BioMaterialCharacteristicCategory example instances are strain_or_line, organism_part.It was also noted that we may not have been working from the most recent PNG's. The most recent and extensive Documentation prepared by Cathy Ball has some PNG's which need to be replaced. The most recent PNG's were distributed and Helen offered to update Cathy's documentation.

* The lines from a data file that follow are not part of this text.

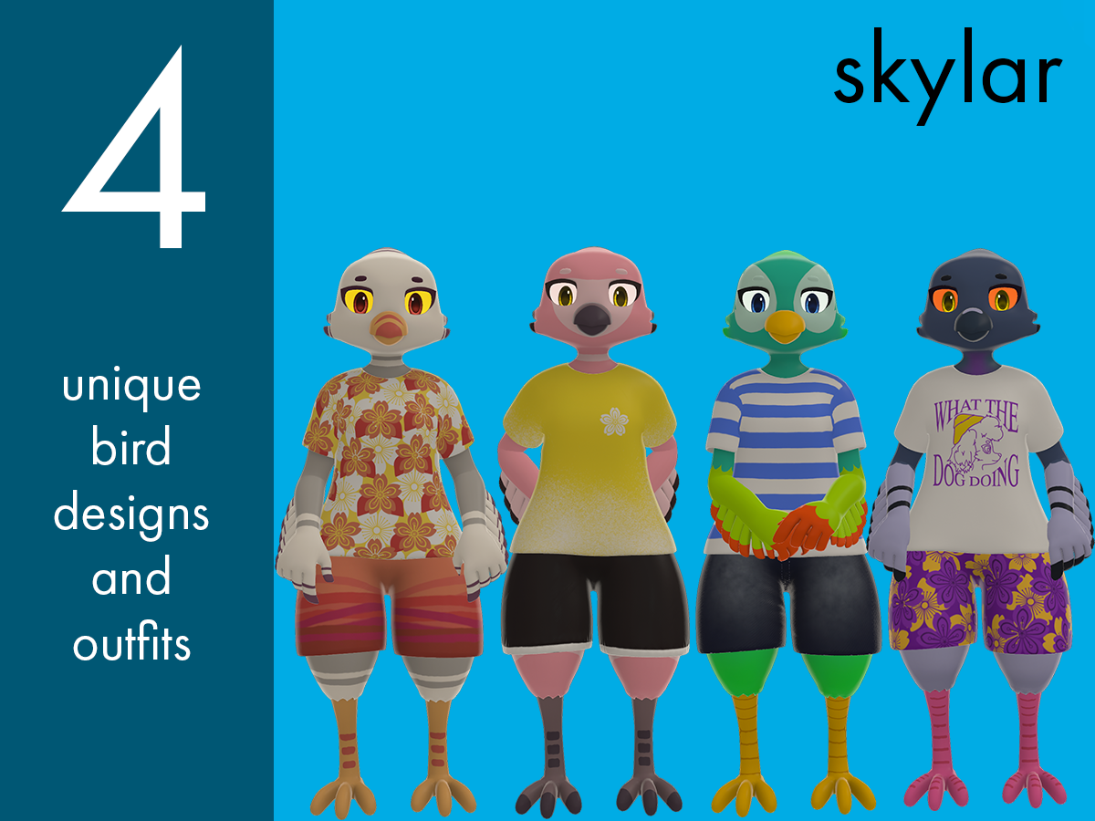 Skylar is a furry style bird avatar designed to be optimized, customizable, and expressive!
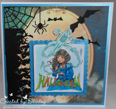 so I decided this was going to be our theme for this week, and as it seems to be celebrated in so many countries these days I thought if your family is anything like my own grandchildren and great grandsons who love to dress up and go out "trick or treating" felt it would be good idea to send them a card as well to celebrate it.
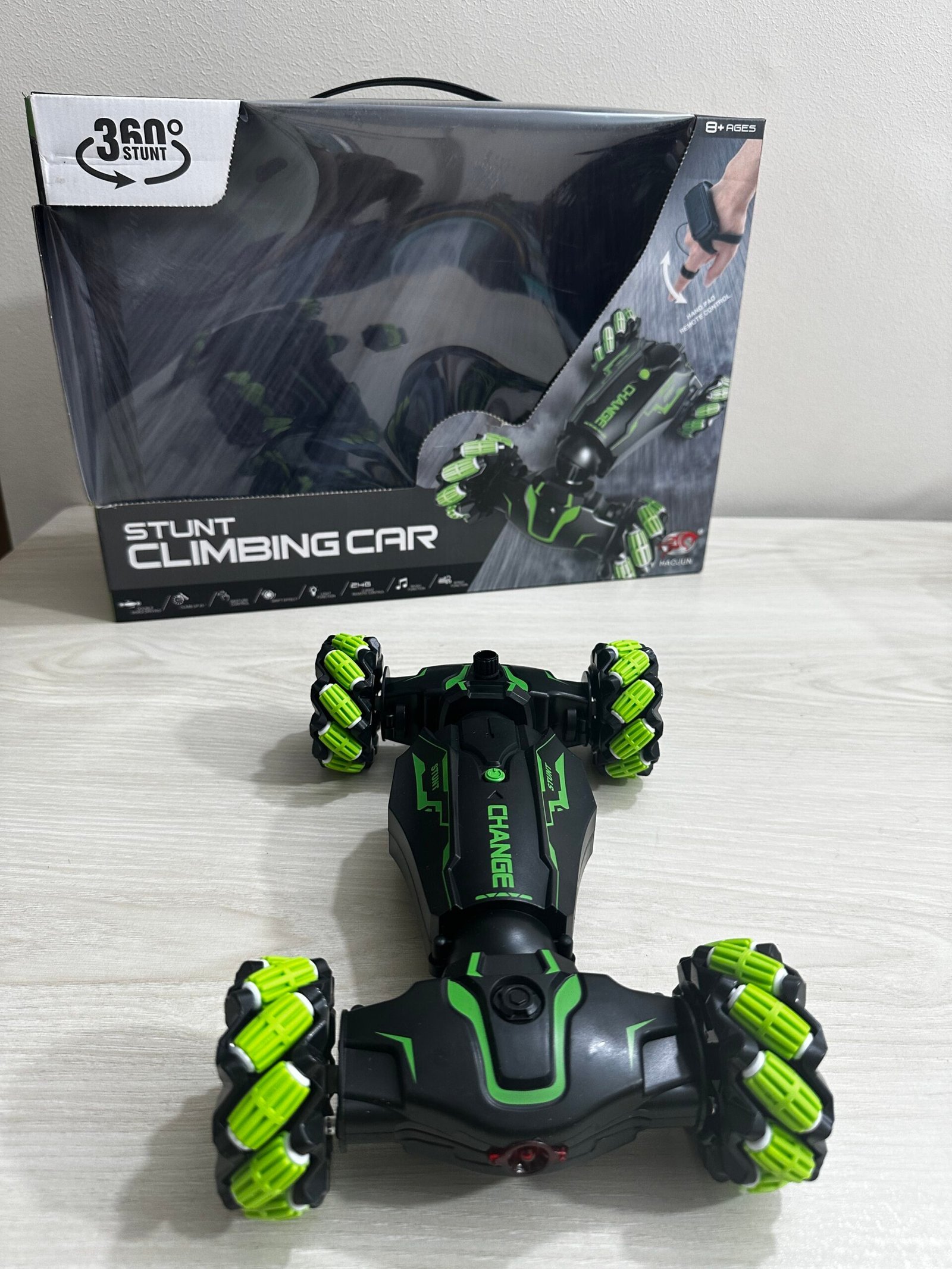 By wearing a gravity-sensing watch, children can control the car by tilting their wrists. It feels futuristic and adds a fun twist to regular RC driving.

A second task is that the Ontology was constructed on the basis of the previous documentation and now needs to be checked to ensure all the OntologyEntries are represented. (*action item Helen).

 

Databases and external Ontology entries.

In the revised MAGE png's there is an association from OntologyEntry via OntologyReference to DatabaseEntry, this in turm has an assn to DataBase. Helen proposed that these should be within the ontology, along with URIs and descriptions so that both databases (like ArrayExpress) and users of the Ontology can clearly identify databases. This information will be in both the Ontology and declared in the DescriptionPackge of MAGE and these will therefore be consistent.

 

 

Meeting with Gilberto Fragoso and LiJu Fan from NCICB.

 

The various tools and ontologies from NCICB were introduced. Some of these will be very useful, e.g., compounds, drugs, cancer anatomy terms. Some NCICB terms are taken from other known ontologies, e.g., mouse terms from the Jackson Labs. The ontologies are not in a wholly useable form as they may not have visible unique id's which are easy for a user to point at and include in their annotation. NCICB are interested in doing some work to make these id's available.

 

The gene expression database at NCI already uses some of the MIAME concepts, LiJun brought a mapping of the MIAME concepts to NCI own terms concepts. These need to be modified to reflect changes in MAGE and these were discussed. LiJun now has the MAGE-MIAME mapping document.

 

Action Items:

 

Code Factors grouped via PropertySets and applied multiply to TopLevelBioAssays, Paul

Coding of a Cancer data set to show to Gilberto and NCICB, Helen

 

Check through Ontology for:

typos, Trish

missing associations especially of instances, Trish

instances, properties, classes all defined an all in use, report on those which are not, Helen

Compile a list of databases and ontologyentries, update the website with these plus add appropriate descriptions that poimnt users to multiple vocabularies where they exist. E.g.TAIR has plant specific GO terms, OrganismPart and DevelopmentalStage terms. John/Helen

 

Trish has raised additional items::

checking has_type assn to ensure used consistently -Trish

modification of  defintion of "cell" for MaterialType to be

stated as "one or more cell excluding single cell organisms".